Stal Mielec, po połowie sezonu 24/25, zajmuje 13. miejsce i jest jednym z kandydatów do spadku, lecz zespół prowadzony przez byłego trenera Widzewa Łódź, Janusza Niedźwiedzia, liczy na utrzymanie, o które prawdopodobnie będzie musiał walczyć do ostatniej kolejki.
Stal Mielec, odkąd wróciła do ekstraklasy, jest skazywana jako jeden z głównych kandydatów do spadku. Jednak zarząd Stali wykonuje pracę wzorowo i od sezonu 20/21 utrzymuje się w lidze, a dodatkowo nie ma żadnych długów.

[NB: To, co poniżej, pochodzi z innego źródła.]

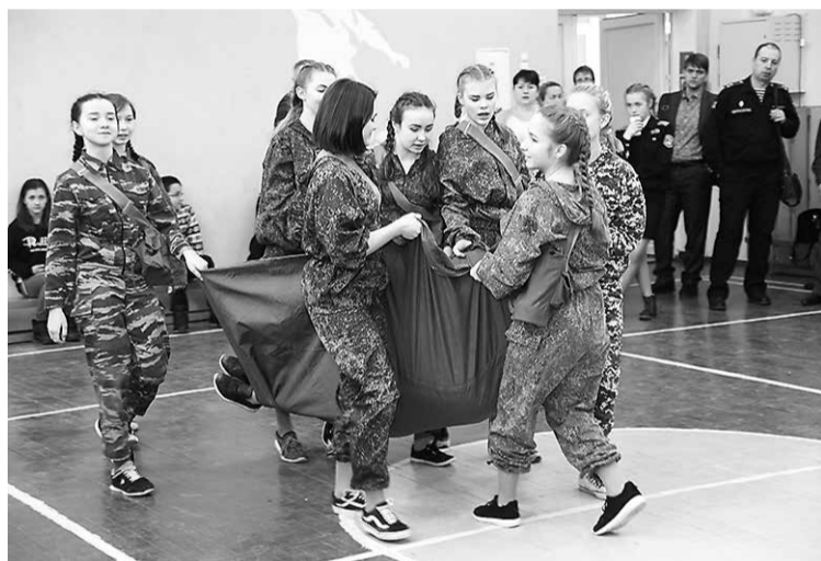
В ходе военизированной эстафеты кадеты демонстрировали умение оказывать первую помощь и переносить «раненого».

Ekipa wcześniej wspomnianego Janusza Niedźwiedzia nie zrobiła jednak żadnych konkretnych wzmocnień, a z klubu odszedł Koki Hinokio do Łódzkiego Klubu Sportowego. Czy trener zdołał przepracować dobrze obóz przygotowawczy w Hiszpanii? To okaże się w pierwszej kolejce rundy rewanżowej, na wyjeździe w Katowicach, podczas meczu z GKS-em Katowice. Do klubu przyszli Natan Niedźwiedź i Pyry Hynolla (wypożyczenie).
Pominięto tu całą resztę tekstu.